## Your objective
The answer should be an exact repeat of the stretch of material below from the line containing "- Q: What material" through the line containing "Comprar T.F.SKYWINDINTL-fuente de".

## Stored data
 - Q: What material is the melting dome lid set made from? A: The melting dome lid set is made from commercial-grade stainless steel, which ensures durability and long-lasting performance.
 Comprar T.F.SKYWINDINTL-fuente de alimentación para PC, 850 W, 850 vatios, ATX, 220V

---

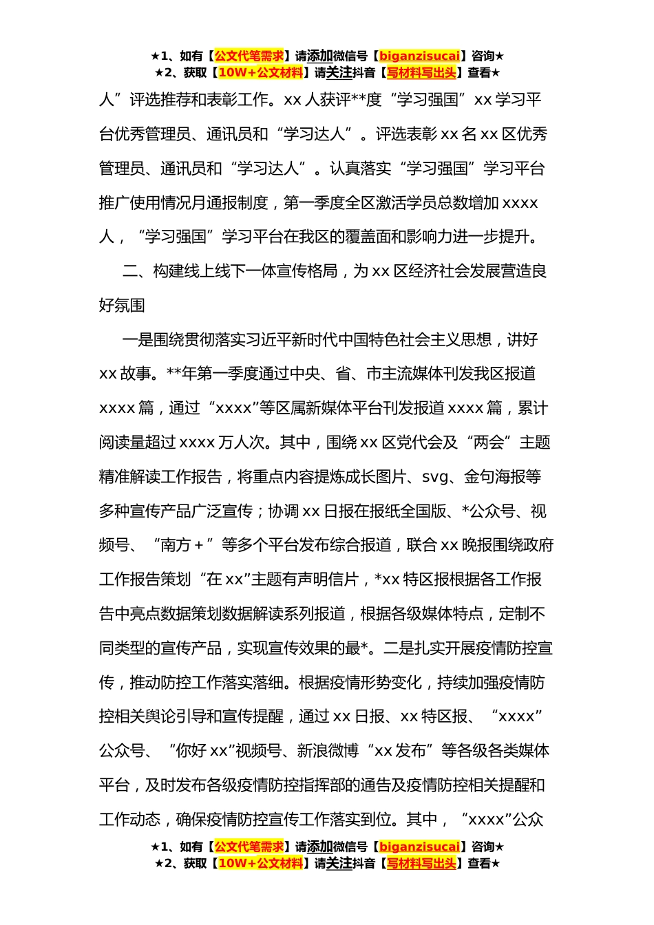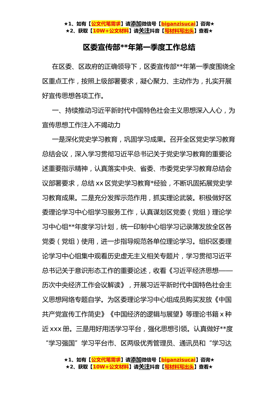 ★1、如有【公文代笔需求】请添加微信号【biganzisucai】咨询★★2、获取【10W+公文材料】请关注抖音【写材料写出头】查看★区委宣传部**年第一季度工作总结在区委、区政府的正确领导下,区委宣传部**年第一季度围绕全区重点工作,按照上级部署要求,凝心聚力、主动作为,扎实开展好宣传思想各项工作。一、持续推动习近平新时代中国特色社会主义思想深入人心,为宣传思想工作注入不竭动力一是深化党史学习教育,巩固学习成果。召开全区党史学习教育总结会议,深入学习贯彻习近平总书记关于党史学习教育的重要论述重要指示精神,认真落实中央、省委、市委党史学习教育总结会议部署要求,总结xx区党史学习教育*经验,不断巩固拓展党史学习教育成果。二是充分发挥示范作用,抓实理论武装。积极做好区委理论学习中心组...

## Answer to this problem
 - Q: What material is the melting dome lid set made from? A: The melting dome lid set is made from commercial-grade stainless steel, which ensures durability and long-lasting performance.
 Comprar T.F.SKYWINDINTL-fuente de alimentación para PC, 850 W, 850 vatios, ATX, 220V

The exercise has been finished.